Muhammed Majeed, Ph.D.,
 
Sabinsa Corporation
New Jersey, U.S.A.
 
 
Paper presented at the 36th National Pharmacy Week Celebration under the auspices of Indian Pharmaceutical Forum,
U.A.E.
1997
 

 
Introduction
 

Epidemiological data has unequivocally demonstrated that a diet rich in plant-based foods is closely linked with lower incidence of many of the major diseases that are so prevalent in today’s Western population. Although several classes of bioactive non-nutrients with weak estrogenic activity are considered to potentially play a role in disease prevention, much of the current interest has focused on a group of compounds belonging to the isoflavone class1. While isoflavones are widely distributed in the plant kingdom, the concentrations of these compounds are relatively high in legumes and in particular in the soybean2. The principal isoflavones present in soybeans and soyfoods are genistein, daidzein and glycitein and, for the most part, these aglycones usually exist in soy as various forms of glycosidic conjugates1, i.e., genistin, daidzin and glycitin.

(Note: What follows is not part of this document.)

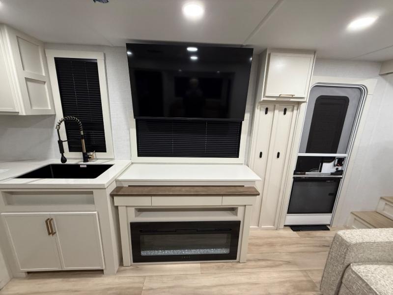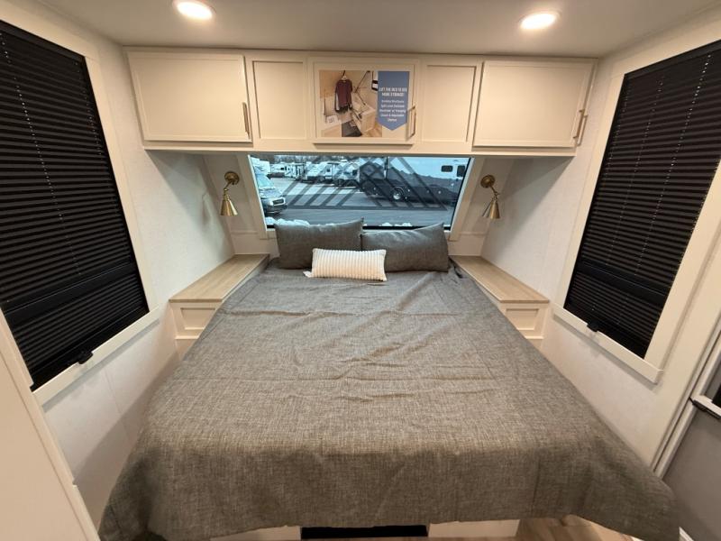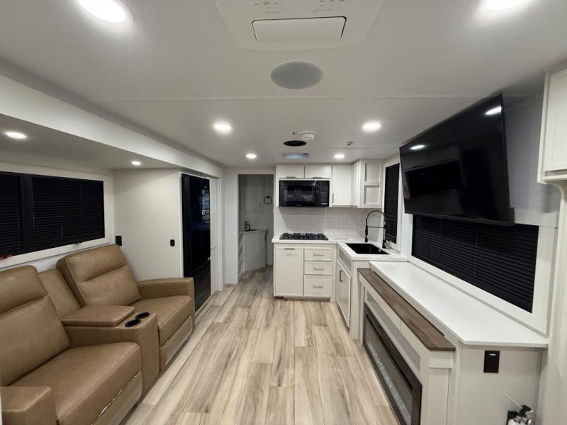 Grab the whole gang and head to the campground in this bunkhouse travel trailer! The 48" x 74" bunks can sleep two to four, and there is a floor to ceiling storage cabinet with drawers, a top bunk window, outlets and USB ports, plus double space-saving pocket doors. Up front you'll find the master bedroom with a 66" x 80" king bed and a MaxSpace Split-Level Wardrobe, TV prep, your own exterior entry door, plus quick access to the walk-thru bath. Everyone can meet in the combined kitchen and living room to relax on the theater seating or tri-fold sofa, and there is pull-out dining table with a drawer and a window above for great outdoor views. The outside is just as accommodating as the inside with its exterior speakers, LED chassis lighting, rear storage compartment with dual access doors, and exterior 12V refrigerator for cold drinks!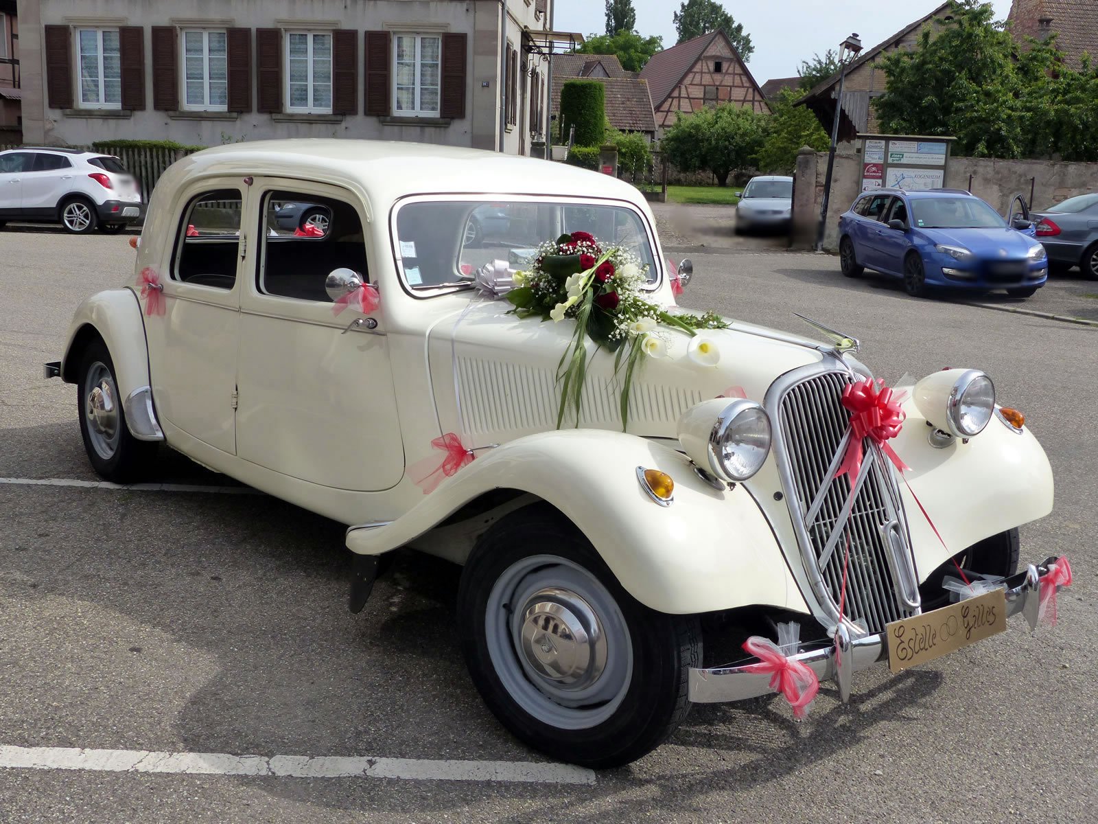 Dans le cadre d'un mariage dans le Haut-Rhin, une voiture de collection apporte élégance et authenticité.

There has been a veritable explosion of interest in genistein (4¢ ,5,7-trihydroxyisoflavone3) in the last ten years. Numerous studies have focused on the mechanisms by which genistein functions as an anticarcinogen. In addition, genistein may have a role to play in the prevention of osteoporosis and cardiovascular disorders - conditions which frequently accompany menopause in women.
 
   
 
Biological Properties of Genistein
 
1. Genistein and Cancer.  
 

Epidemiological evidence suggests that the low incidence of breast cancer in oriental women is related to the consumption of a flavonoid-rich diet4. Additionally, pre-clinical and clinical studies provide substantial evidence that genistein may function as an effective anti-carcinogenic agent. There are several mechanisms by which genistein is thought to exert its anti-carcinogenic properties.

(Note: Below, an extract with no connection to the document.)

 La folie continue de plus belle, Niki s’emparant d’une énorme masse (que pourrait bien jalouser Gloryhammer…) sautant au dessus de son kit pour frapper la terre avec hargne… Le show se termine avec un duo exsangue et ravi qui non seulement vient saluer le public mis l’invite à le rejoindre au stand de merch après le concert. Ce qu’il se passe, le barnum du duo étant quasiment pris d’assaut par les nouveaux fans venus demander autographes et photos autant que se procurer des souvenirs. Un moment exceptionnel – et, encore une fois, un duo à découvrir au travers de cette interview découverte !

1(a). Estrogenic/antiestrogenic activity:
Genistein has been shown to exhibit anti-estrogenic5 as well as estrogenic6 activity and both mechanisms could contribute to the protective effect of genistein in the development of breast cancer. A decrease in estrogen receptor number, as induced by the anti-estrogenic effect of genistein would lead to a decreased responsiveness to endogenous estrogens5, thereby playing a role in breast cancer prevention. The direct estrogenic activity of genistein resulted in a more differentiated, mature mammary gland7 consequently leading to greater protection against chemically induced mammary tumors8,9.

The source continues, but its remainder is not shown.